An Israeli Arab reported killed last month fighting for a jihadist group in Syria phoned home on Saturday to say he was alive and well, his father said.
"My son called me around 11.00 am," Zaki Ighbariya told AFP.
"He said that he and two friends... who went with him are alive and well."
He said that he was initially skeptical that the call was real, suspecting that he was the victim of a hoax, but that he realized it was really his son after he correctly answered a number of personal questions.
Muayyed would not disclose his location to his family, but claimed to have been previously in an area "without telephone signal" and that he was thus unaware of reports of his death.

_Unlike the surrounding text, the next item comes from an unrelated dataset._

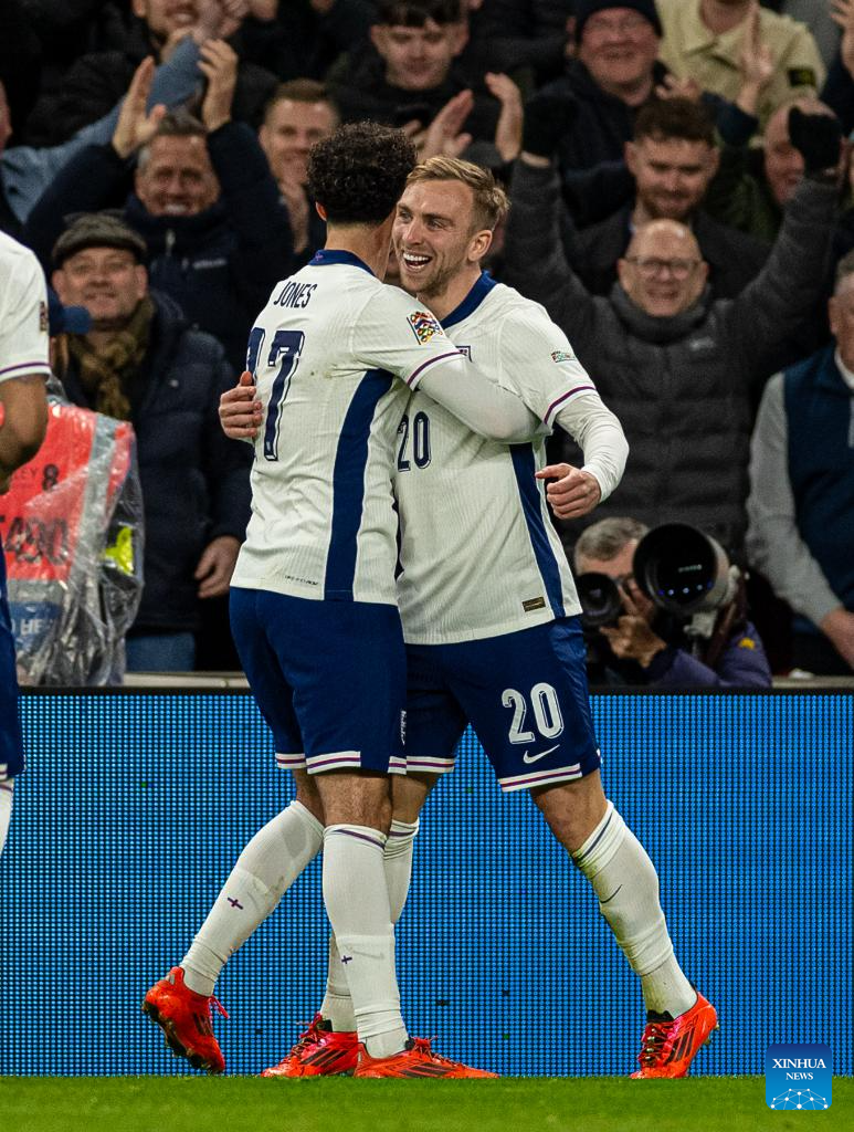 Jarrod Bowen (R) celebrates with Curtis Jones of England after scoring during the UEFA Nations League League B football match between England and the Republic of Ireland in London, England, on Nov. 17, 2024. (Xinhua)

Muayyed left his village near the northern Israeli town of Umm al-Fahm and crossed into Syria through Turkey about two months ago, his family said.
In September his relatives received reports that Muayyed had been killed in battle, but did not say who had told them.
"We were happy to think that he died a martyr, because that was his mission," Zaki Ighbariya said on Saturday. "Today we are happy once again because he is alive."
According to his family, Muid married just last year but did not inform his wife or other family members that he had entered Syria. He left Israel about three weeks prior to his reported death along with two other companions, who have not been heard from since.
Since the beginning of the conflict in Syria, Israeli police have arrested at least three other Arab citizens who went to fight against President Bashar al-Assad's forces for "leaving the country illegally and travelling to a hostile state."
Like Muayyed Ighbariya, they allegedly joined the Al Qaeda-linked Al Nusra Front, and two of those arrested were sentenced in August to 19 months in prison.
Members of Al-Nusra and other rebel groups have committed atrocities during the Syrian civil war, including publicly beheading a Catholic priest who was accused of collaborating with Bashar Al-Assad’s regime.
Al-Nusra was once was the largest faction in the Islamist Front for the Liberation of Syria (ISIS), the 13-member rebel coalition that broke away from the main opposition force and has declared its own Islamic state in Aleppo.